Funny how many people complain about the "pink building" while quietly new 18th century buildings are being built around town. In the land of SUVs, cell phones and laptops -- why is anyone still designing buildings based on the time of the horse & buggy and the telegraph?
-- LoriAnn Maas, Charlotte
The CMS Monster
Tara Servatius' article on "Bricks and Mortar" (Sept. 22) was an excellent depiction of the self-centeredness of the CMS system as it relates to the demise of the future of education in the suburbs of the Charlotte metro area. This insanity will continue until someday the small incorporated towns surrounding Charlotte stand up to the CMS monster and tell them to get out of their neighborhoods and accept full responsibility for their future and manage their own educational systems, and roads for that matter. As I see it, the only hope for the future of Charlotte is when this CMS monster is broken up into 10 incorporated towns not exceeding a three-mile radius from their centers of influence and based on geography and not race. If this happens, which I hope it does some day, Charlotte will become a first class city with 10 jurisdictions that compete with each other for the homeowners' taxes in their respective areas. Otherwise, the flight will continue to the surrounding counties for sanity, which doesn't make any sense either when you consider the commuting time to get back and forth to work or enjoy the city services. I am not anti-city, just anti-county control, which makes sense based on what's transpired so far by this monster jurisdiction which operates under this selfish dictatorship called the Charlotte Mecklenburg Authority.
-- Tom Scott, Charlotte
Opinion, Not Fact
"This doesn't appear to have been an accident" (from "Bricks and Mortar" by Tara Servatius). Once upon a time, conservatives would look at the media and say, "These aren't facts, this belongs on the editorial page." The point was: conservatives felt that the general public was too stupid to separate facts from conjecture. I see now that they've gone from condemning the practice to embracing it.

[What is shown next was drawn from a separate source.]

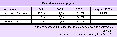 По прибыли на акцию «Норникель» тоже в лидерах: $12,56 на акцию в первом полугодии 2006 г. против $3,45 на акцию у Inco и $3,17 на акцию у Falconbridge. И даже если бы канадские конкуренты сохранили самостоятельность, к концу года они могли претендовать только на поощрительные призы – по итогам 2006 г. прибыль «Норникеля» превысила $31 на акцию.
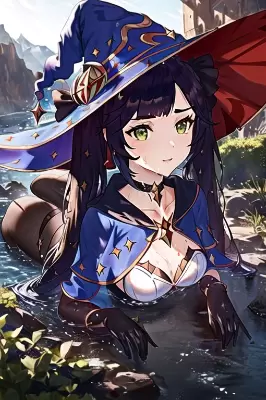 best quality,ultra-detailed, extremely detailed CG,beautiful , , (genshin),(mona:1.2),(genshin impact1.5),black hair,green eyes, long hair,light twin tails,black tights,small breasts,short girl,blue clothes, blue arm support ,witch hat,straight bangs,photorealistic, by famous artist, world masterpiece, full_body, view straight on,wet, flat chest, girl,woman,female, young,20 yearsold,sidelocks, Authentic and detailed face, small_breasts, bright skin, Gemological ornaments,choker, capelet, black_gloves, high_heels, collarbones,outdoors, landscape, an epic scene, Absurd,dynamic background,detailed background

As a writer of essays and commentaries, I've often taken an observation and fleshed it into a concept, but I've never cloaked it in the guise of anything other than my opinion. While there may be some truth in Tara's perceptions, this article does not contain any supporting evidence to back up the above quote -- only opinion -- and when then followed by, "This is why the school board has spent endless hours this year brawling over whether to build a handful of new suburban schools..." you have assigned uncorroborated motives and become a publication with an agenda.
No shame in that. Just call it what it is: opinion, editorial, commentary, propaganda; and place it accordingly instead of attempting to mislead the readership.

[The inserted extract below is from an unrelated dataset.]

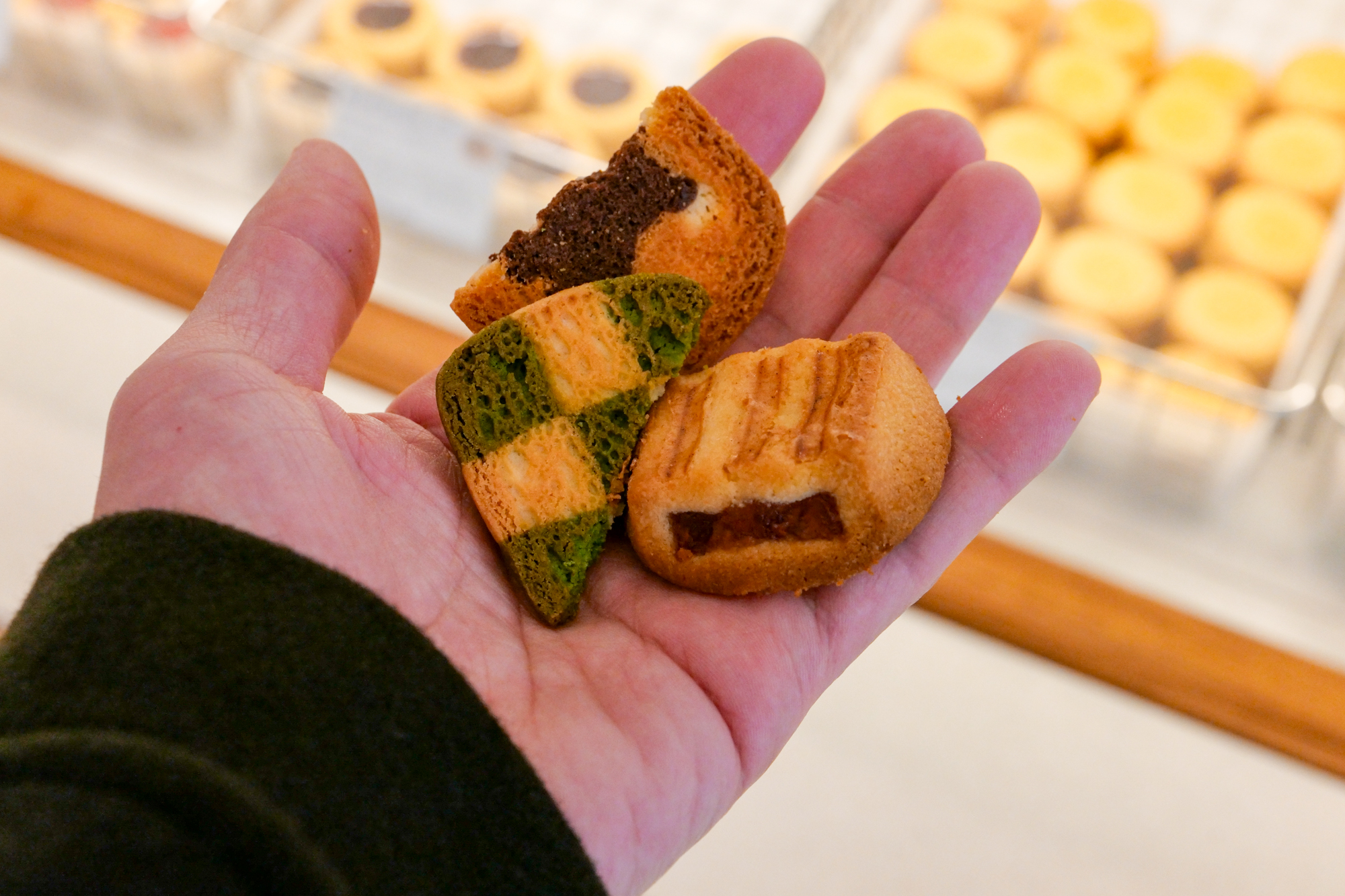그래인스쿠키를 포장하러 제주 애월 카페에 방문했던 날에는 직원 분이 먹어보라며 샘플로 쿠키를 서비스로 주셨다. 쿠키를 고르기 전에 먼저 맛을 볼 수 있었는데 하나같이 입맛에 맞아서 롯데백화점에서 인기가 많은 이유를 알 수 있었다.

-- M. Scott Douglass, Publisher/Editor, Main Street Rag, Charlotte
Editor's Note:
Actually, we make it pretty clear that the Citizen Servatius column is just that -- a news commentary column. It is perfectly acceptable for a columnist to state a group of facts and follow it with an opinion about those facts. In fact, that's pretty much what a news commentary column is.
Fire the "Leader"
It should be clear by now, even to the dullest among us, that the Iraq war has been a costly, misguided enterprise. George Bush and his Pentagon chicken-hawks were so anxious to take out Saddam that they neglected to think much about the long-term situation. It seems not to have occurred to any of these geniuses that our Blitzkrieg victory over a third world military establishment might not end the problem. Now we find ourselves in a pickle from which there may not be a good way out.
George Bush now wants to be re-elected based on his performance as a great wartime "leader." Give me a break. If he had followed through against Osama bin Laden (the real terrorist threat, still free, and no friend to Saddam), that would have made sense. Instead, he took us on this ill-conceived Iraqi undertaking that is costing us dearly and shows little promise of success.
A boss with his record should be fired, not re-hired.